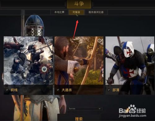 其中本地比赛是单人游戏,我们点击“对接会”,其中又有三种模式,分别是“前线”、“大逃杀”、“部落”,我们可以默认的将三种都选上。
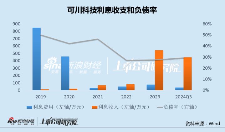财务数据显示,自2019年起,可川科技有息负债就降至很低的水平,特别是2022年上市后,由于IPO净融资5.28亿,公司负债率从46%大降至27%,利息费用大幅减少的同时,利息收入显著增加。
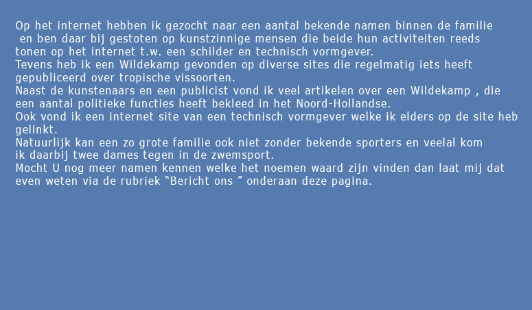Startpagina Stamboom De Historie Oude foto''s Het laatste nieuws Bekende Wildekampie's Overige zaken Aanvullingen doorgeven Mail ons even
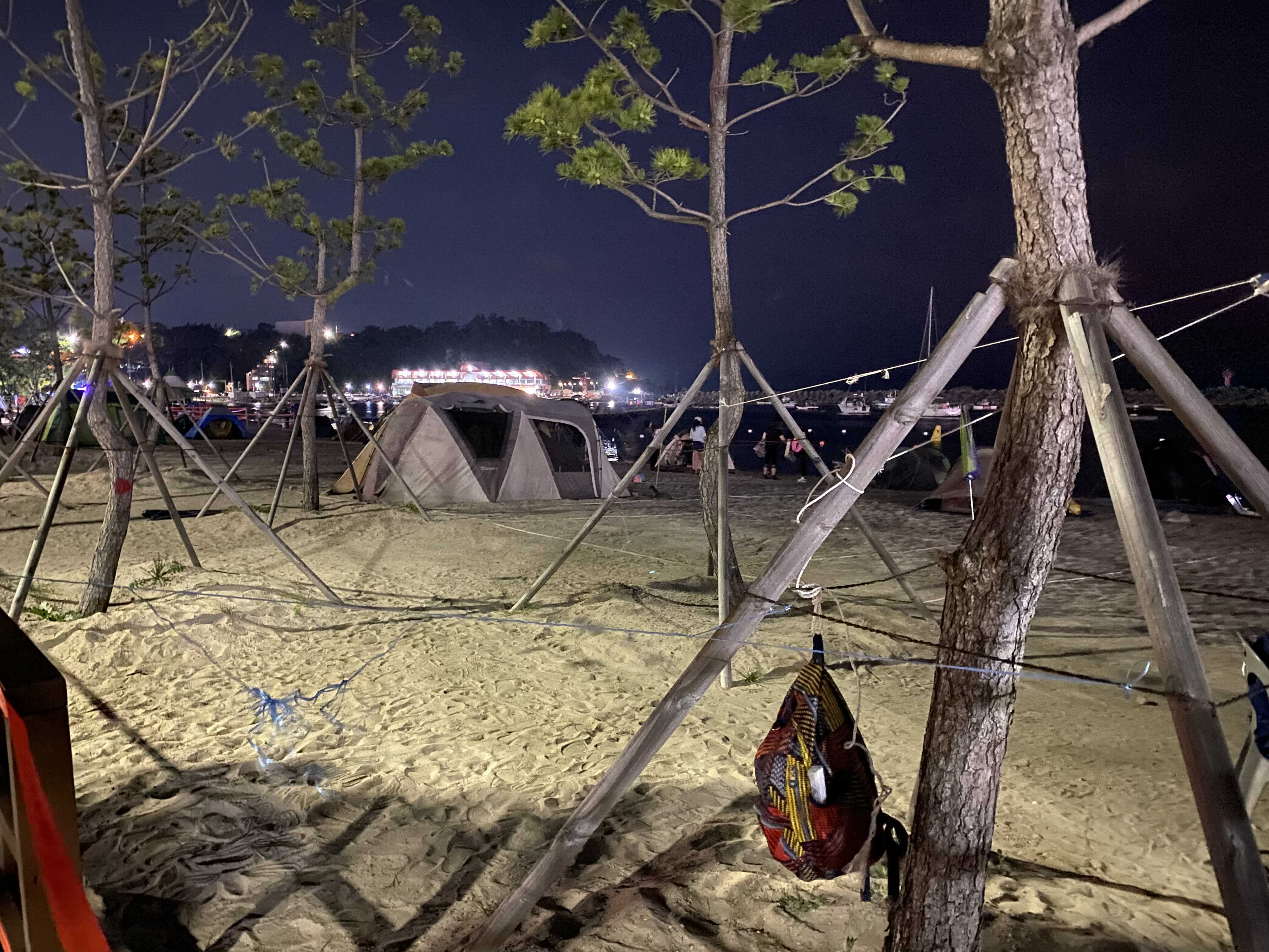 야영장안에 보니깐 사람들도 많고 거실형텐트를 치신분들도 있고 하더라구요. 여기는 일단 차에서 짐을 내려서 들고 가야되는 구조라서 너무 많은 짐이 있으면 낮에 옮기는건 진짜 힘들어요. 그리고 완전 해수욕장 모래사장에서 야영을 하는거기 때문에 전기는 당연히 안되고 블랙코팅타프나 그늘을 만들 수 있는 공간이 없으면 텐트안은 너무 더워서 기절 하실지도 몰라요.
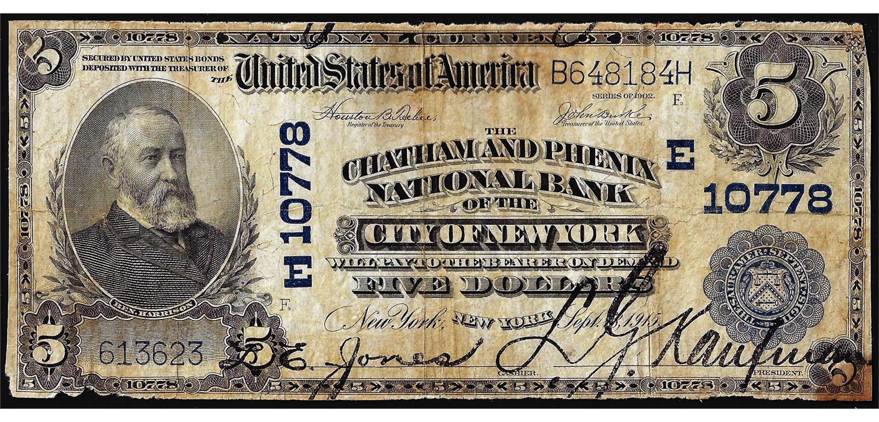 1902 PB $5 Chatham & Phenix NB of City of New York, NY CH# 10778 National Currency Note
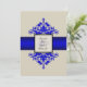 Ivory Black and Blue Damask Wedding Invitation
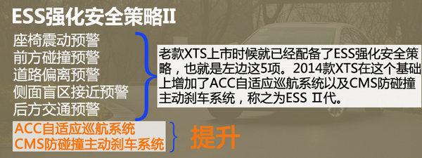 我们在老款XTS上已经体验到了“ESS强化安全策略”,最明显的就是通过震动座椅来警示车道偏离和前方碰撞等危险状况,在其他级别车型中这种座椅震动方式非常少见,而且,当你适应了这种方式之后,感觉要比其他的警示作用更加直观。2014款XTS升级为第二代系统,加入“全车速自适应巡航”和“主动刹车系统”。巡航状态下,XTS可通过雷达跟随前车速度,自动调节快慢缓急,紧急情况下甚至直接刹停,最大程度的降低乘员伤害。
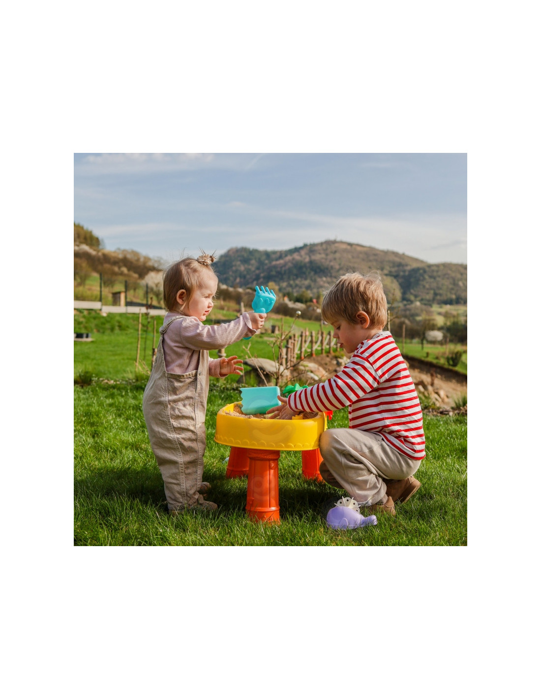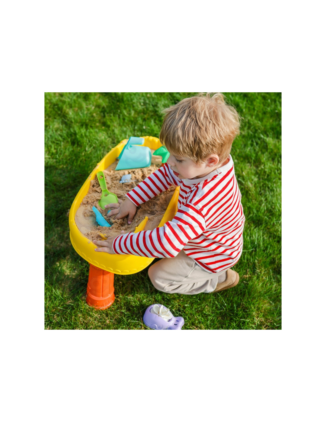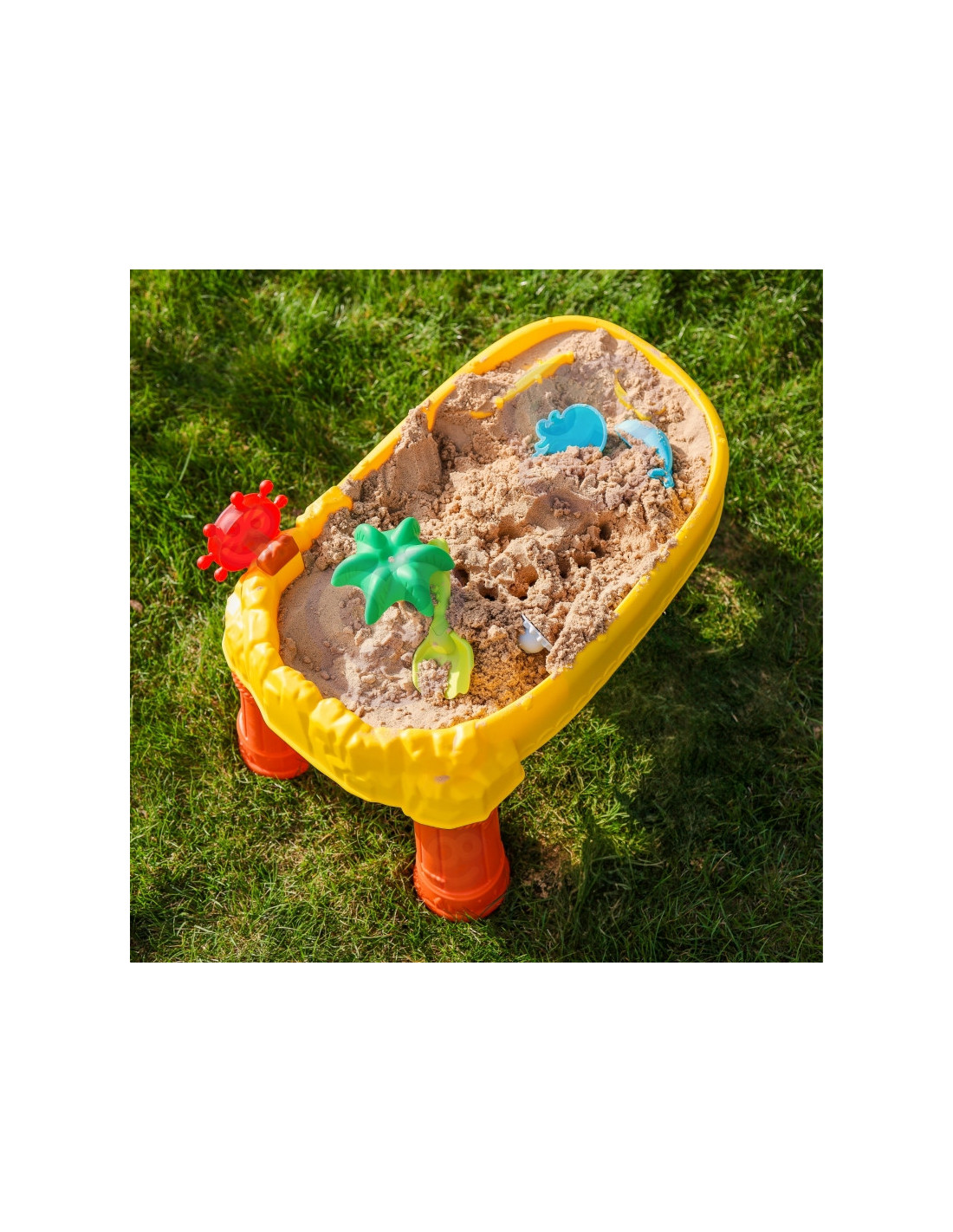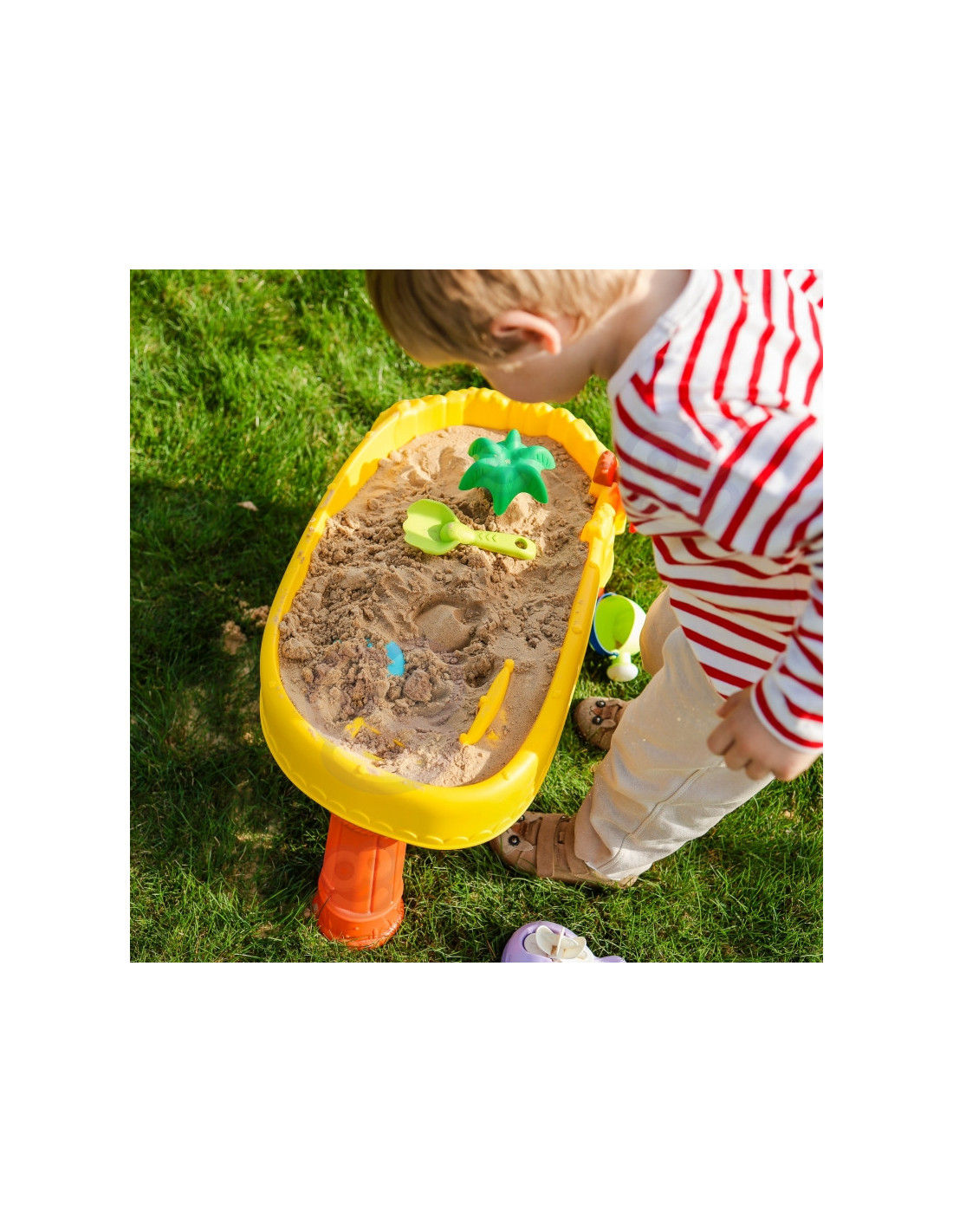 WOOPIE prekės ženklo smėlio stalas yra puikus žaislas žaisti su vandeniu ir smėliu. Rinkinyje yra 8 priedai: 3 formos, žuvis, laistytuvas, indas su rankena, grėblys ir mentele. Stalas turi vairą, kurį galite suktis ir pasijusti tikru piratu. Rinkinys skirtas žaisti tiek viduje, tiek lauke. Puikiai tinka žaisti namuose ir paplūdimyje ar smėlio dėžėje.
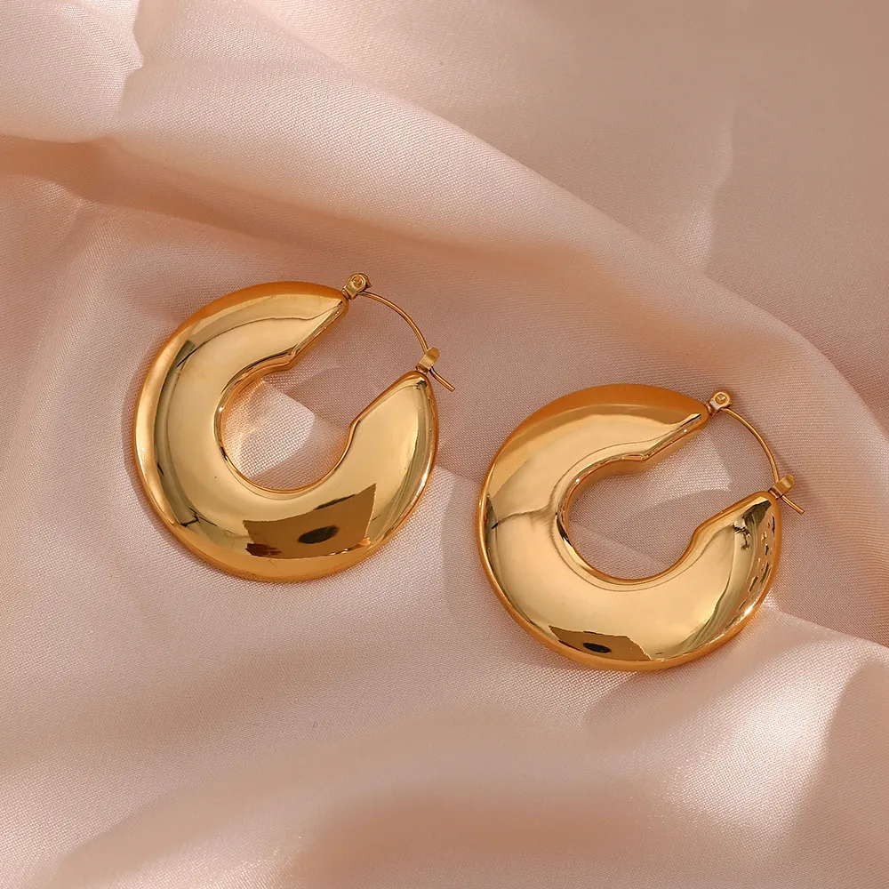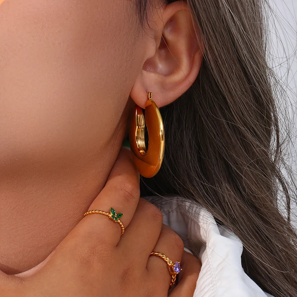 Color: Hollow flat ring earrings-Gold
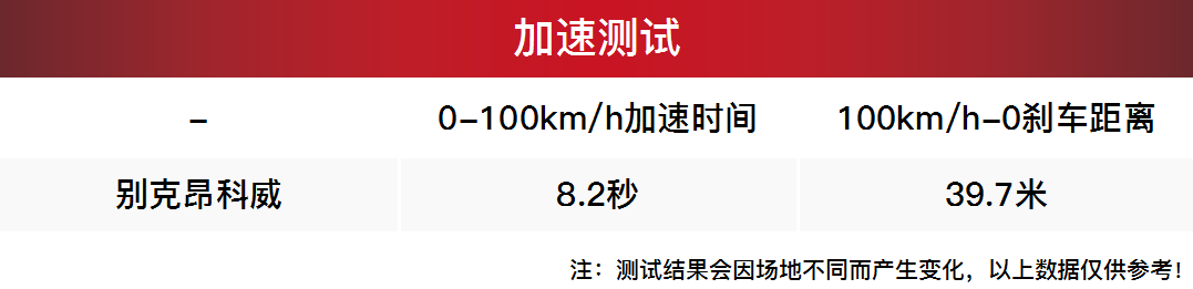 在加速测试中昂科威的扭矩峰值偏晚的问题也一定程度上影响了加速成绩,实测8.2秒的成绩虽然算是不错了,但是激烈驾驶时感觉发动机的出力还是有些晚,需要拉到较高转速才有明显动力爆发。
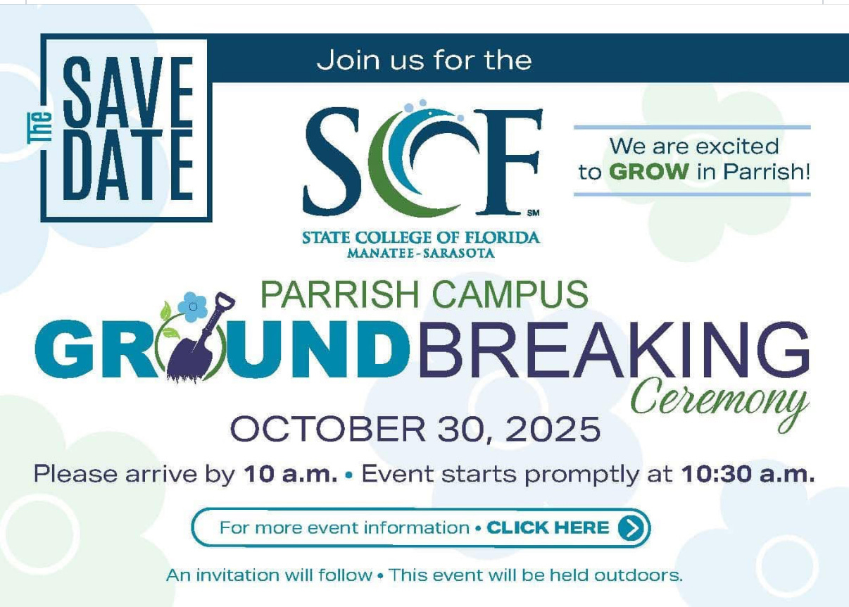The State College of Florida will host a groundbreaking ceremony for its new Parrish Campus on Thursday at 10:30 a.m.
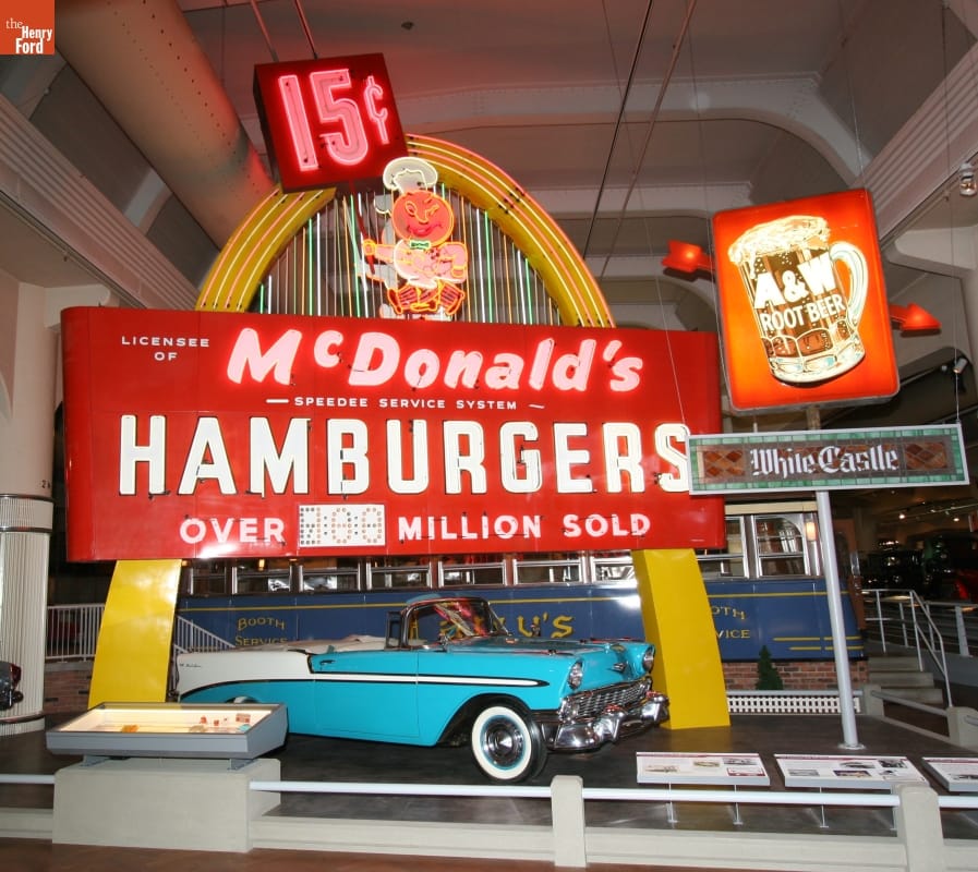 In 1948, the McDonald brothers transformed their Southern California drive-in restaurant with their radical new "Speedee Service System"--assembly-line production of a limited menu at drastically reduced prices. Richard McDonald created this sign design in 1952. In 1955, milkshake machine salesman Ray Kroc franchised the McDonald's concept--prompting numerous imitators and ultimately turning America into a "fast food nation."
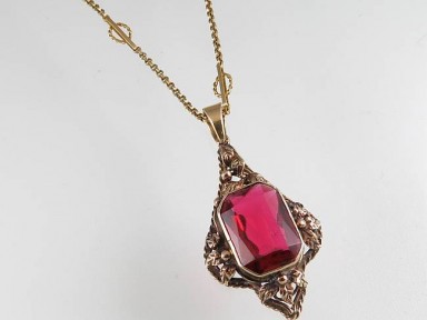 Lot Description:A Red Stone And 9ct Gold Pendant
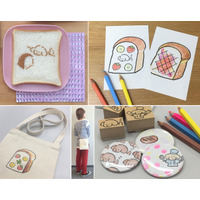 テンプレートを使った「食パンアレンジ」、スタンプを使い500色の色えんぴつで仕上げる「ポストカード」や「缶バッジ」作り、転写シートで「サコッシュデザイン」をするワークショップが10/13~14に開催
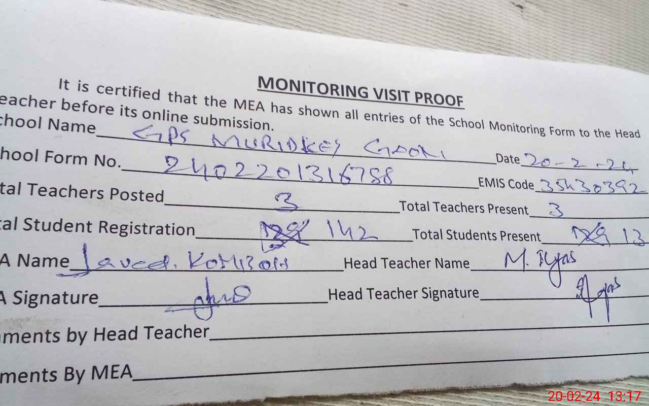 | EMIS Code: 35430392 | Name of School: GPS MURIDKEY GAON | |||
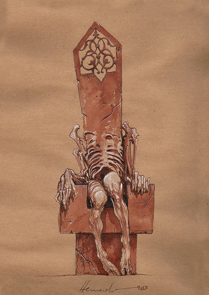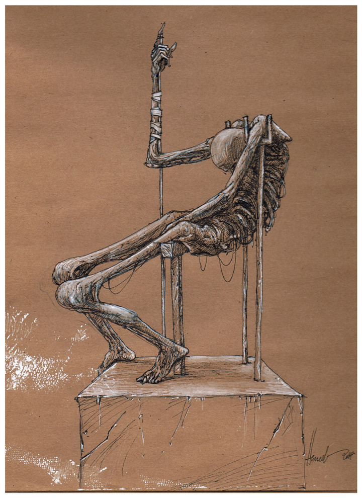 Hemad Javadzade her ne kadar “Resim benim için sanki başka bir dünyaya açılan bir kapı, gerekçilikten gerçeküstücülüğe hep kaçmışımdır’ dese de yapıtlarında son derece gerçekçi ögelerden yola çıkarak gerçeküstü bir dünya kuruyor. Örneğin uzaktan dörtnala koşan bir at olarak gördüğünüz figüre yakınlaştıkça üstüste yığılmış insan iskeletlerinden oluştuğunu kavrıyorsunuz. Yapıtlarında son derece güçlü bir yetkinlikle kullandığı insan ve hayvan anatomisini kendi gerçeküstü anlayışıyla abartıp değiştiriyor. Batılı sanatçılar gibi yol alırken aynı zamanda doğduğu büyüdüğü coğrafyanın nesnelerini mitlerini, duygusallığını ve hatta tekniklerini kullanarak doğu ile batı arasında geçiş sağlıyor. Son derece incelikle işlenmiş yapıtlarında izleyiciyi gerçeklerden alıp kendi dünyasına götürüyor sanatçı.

==================================================

*WORK TO COMPLETE*
Copy the lines exactly as they appear from the opening of the entries above through the line with "财务数据显示,自2019年起", excluding all pictures.

*OUTPUT*
 其中本地比赛是单人游戏,我们点击“对接会”,其中又有三种模式,分别是“前线”、“大逃杀”、“部落”,我们可以默认的将三种都选上。
财务数据显示,自2019年起,可川科技有息负债就降至很低的水平,特别是2022年上市后,由于IPO净融资5.28亿,公司负债率从46%大降至27%,利息费用大幅减少的同时,利息收入显著增加。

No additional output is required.